I say nothing of the grotesque dresses with masks and artificial heads, introduced by some of the young Templars. They amused as such things do, for a while, and until one became accustomed to them. Then their pranks ceased to amuse. It is a power peculiar to man that he can continue to laugh at horse-play, buffoonery, and low humour for hours, while a woman is content to laugh for five minutes if she laughs at all. I believe that the admirers of those coarse and unfeeling books, “Tom Jones” and “Humphrey Clinker,” are entirely men.
All the ladies began by wearing masks, and a few of the men. One of them personated a shepherd in lamentation for the loss of his mistress; that is to say, he wore ribbons of black and crimson tied in bows about his sleeve, and carried a pastoral hook decorated with the same colours. In this character some of the company easily recognised Lord Chudleigh; and when he led out for the first minuet a tall, hooded figure, in black velvet, some thought they recognised Kitty Pleydell.
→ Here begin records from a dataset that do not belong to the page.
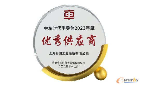 凭借过硬的产品质量、完善的服务体系以及良好的客户合作基础,轩田科技荣膺中车时代半导体2023年度“优秀供应商”称号。
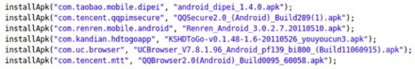 Snippet of code that instructs FjCon.A to install applications onto the device
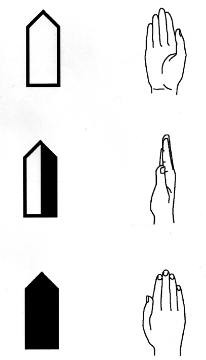 Beim Gebärden ist die Handstellung - also die Ausrichtung der Hand im Raum - von hoher Bedeutung. Bei der Verschriftlichung müssen verschiedene Handformen und Handstellungen hinreichend exakt beschrieben werden. Wenn man das Prinzip erst einmal verstanden hat, ist es sehr einleuchtend und einfach! Betrachten wir zunächst drei verschiedene Handstellungen der Flachhand. Das Symbol für die Handform (Flachhand) ist uns ja bereits vertraut.
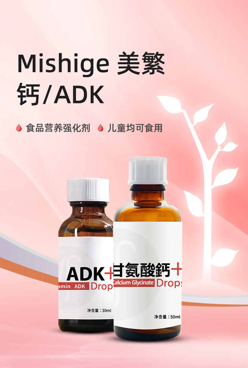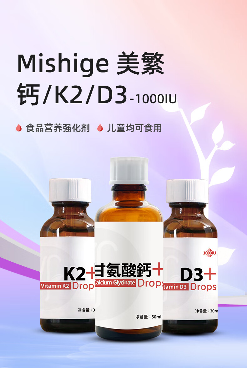 美繁Mishige甘氨酸钙+维生素D3滴剂1000IU+维生素K2 营养组合DSM原料 美繁螯合钙*1瓶+维ADK* 1瓶*1盒
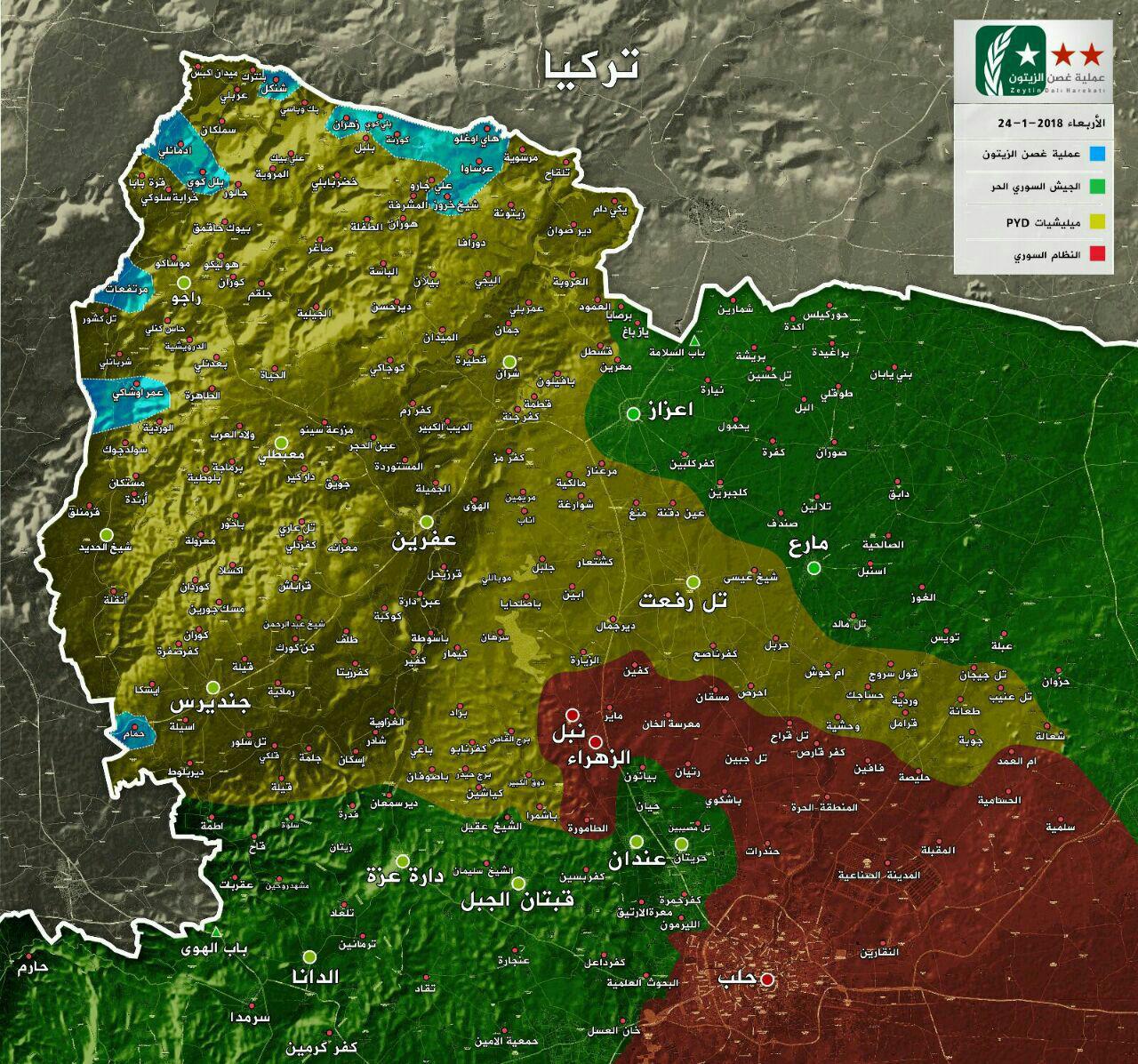■ロシア軍は、シリア軍駐留に向け、トルコ軍が掌握を目指すロジャヴァの拠点都市タッル・リフアト市(アレッポ県北西部)から部隊を撤退(2018年1月25日)
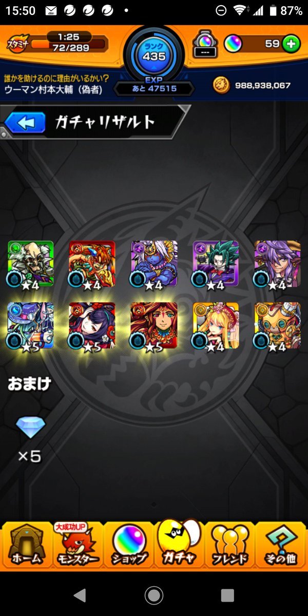 3万課金だと525個だっけ?たった105連しかできないけど4垢で塔登れるようになれば無課金でも合算300連近くできてモン玉も4回引けちゃうからなキャラの集まり方違う

“But why is he in mourning?” asked Peggy Baker, who understood what was meant. “She cannot have denied him. He must have another mistress for whom he has put on the black ribbons. Poor Kitty! we are all of us sorry for her. Yet pride still goes before a fall.”
No one knew what was meant except Lord Chudleigh’s partner, the figure in black velvet.
“I suppose,” continued Peggy, alluding to the absence of my hoops, “that she wants to show how a woman would look without the aid of art. I call it, for my part, odious!”